Mehmet Bolkan K. Kaymaklı’da teknik direktörlüğe başladığında, “Kesin şampiyon oluruz” gibi bir ifade kullanmadım.
“Bana göre Bolkan, Kuzey Kıbrıs’ın en iyi teknik direktörlerinin başında yer alıyor.

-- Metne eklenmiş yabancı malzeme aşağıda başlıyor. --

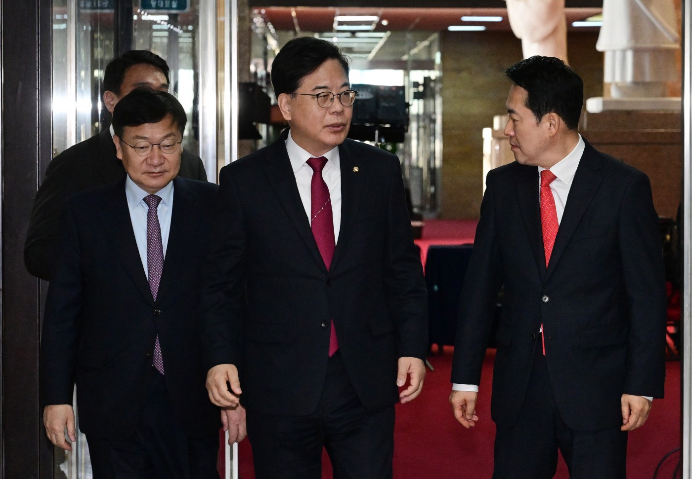 장동혁 국민의힘 대표와 송언석 원내대표가 25일 국회 당대표실에서 비공개 회의를 마친 뒤 지도부와 함께 원내대표실로 향하고 있다. /이병화 기자
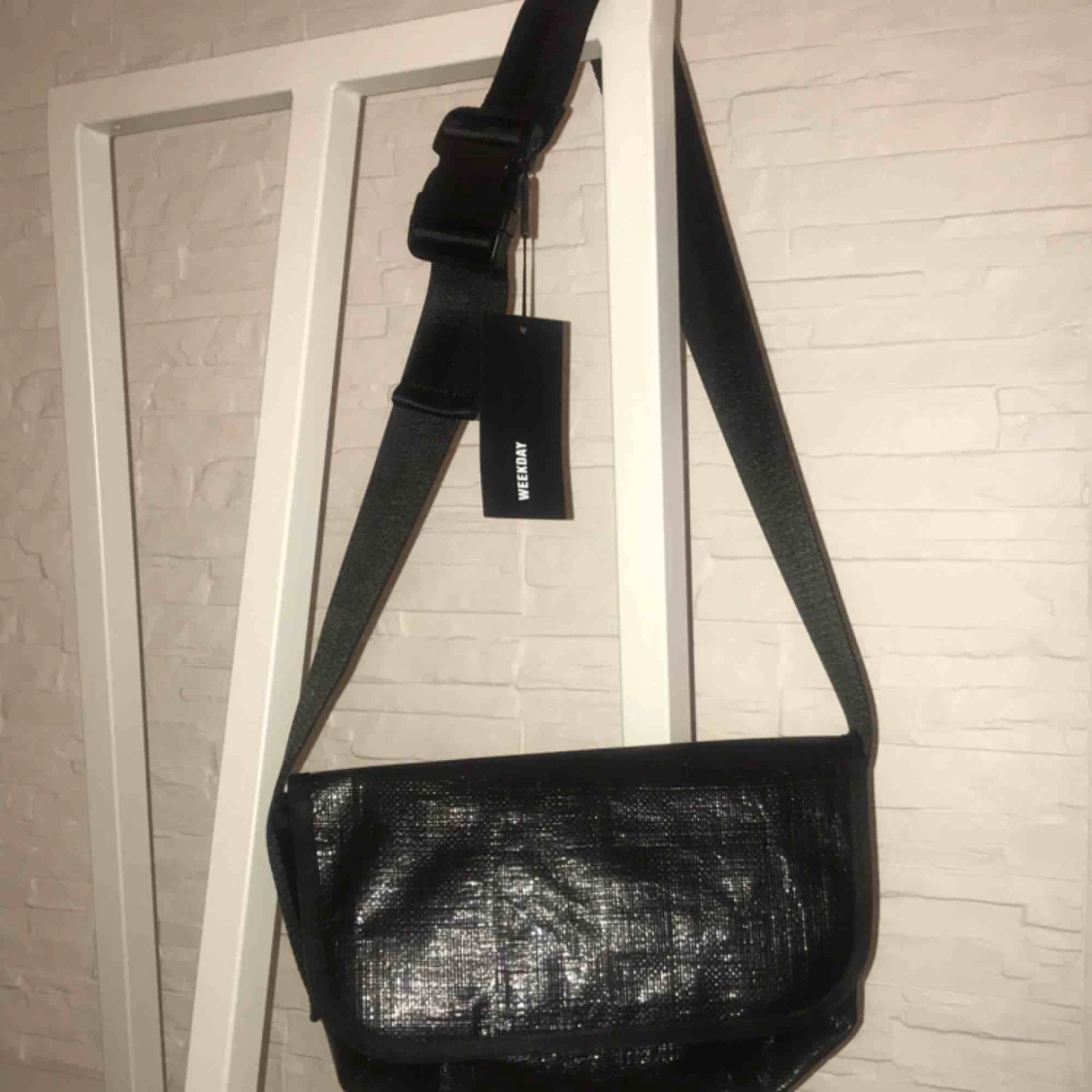 Säljer denna trendiga jättefina rymliga väska ifrån weekday som aldrig är använd, prislappen är på. Inköpspris 350 kr. Fraktar eller möts upp i Stockholm.

Bu nedenle K.Kaymaklı’nın bu sezon da şampiyonluğun en büyük adayı olacağını söyleyebilirim” diye yazmıştım.
Bugün de aynı düşüncedeyim.
“Bana göre K. Kaymaklı hala şampiyonluğun en büyük adayıdır”
Diğer taraftan, Ali Duvarcı’nın Lefke karşılaşması gibi önemli bir maçın öncesinde voleybol maçında sakatlanması kelimenin tam anlamı ile “Gayrı ciddiyet ve sorumsuzluk”tur.
K. Kaymaklı yönetimi bu konuda gerekli tedbirleri almalıdır.
İbrahim Reis konusuna gelince…
Mehmet Bolkan yanlış yaptı.
Yaşanan olayda benim için İbrahim Reis’in yaşı veya kalecilik becerisinin zerre kadar önemi olmadığı gibi, Lefke karşısında elde edilen sonucun da önemi yoktur.
Mehmet Bolkan’ın genç bir futbolcunun hayallerini çalmaya hiç hakkı yoktu.
Bolkan bu seçimi ile genç Emre’nin hayallerini, hayalleri ile birlikte belki de futboldaki geleceğini yok etti.
Tüm karşılaşmalarda Ali Duvarcı’nın yedeği olarak kadroya Emre’yi al, ancak Ali Duvarcı’nın yokluğunda kaleyi İbrahim Reis’e ver.
Bu ne perhis, bu ne lahana turşusu.
Bir futbolcuya güvenilmediği ancak bu kadar açık, seçik ifade edilebilirdi.
Bir futbolcunun umutları ancak bu şekilde yok edilebilirdi.
Madem güvenmiyorsun, neden kadroya alıp, yedek kulübesinde oturtuyorsun?
Lefke karşılaşması sonrasında sevgili Bolkan’ın açıklamalarını dinliyorum…
İbrahim Reis tercihinin doğruluğunu kanıtlamanın peşine düşmüş…
“İlk yarıda İbrahim Reis yüzde yüz iki gollük pozisyonda topu çıkarmayı başardı” diyor Bolkan.
Hemen söyleyim, maçı canlı izleyenler arasındaydım.
Bolkan doğru söylüyor, İbrahim Reis ilk yarıdaki iki pozisyonda topu çıkarmayı başardı.
Zaten K. Kaymaklı karşılaşmayı kaleci hatasından kaybetmedi.
Lefke’nin sürekli pozisyon bulduğu, bariz üstünlüğünün olduğu karşılaşmada Ali Duvarcı dâhil,
K. Kaymaklı kalesinde kim olsa gol yiyecekti.
Neticede olan genç kaleci Emre’ye oldu.
Kimbilir?
Belki de şans verilse K. Kaymaklı bugün genç bir kaleci kazanmış olurdu.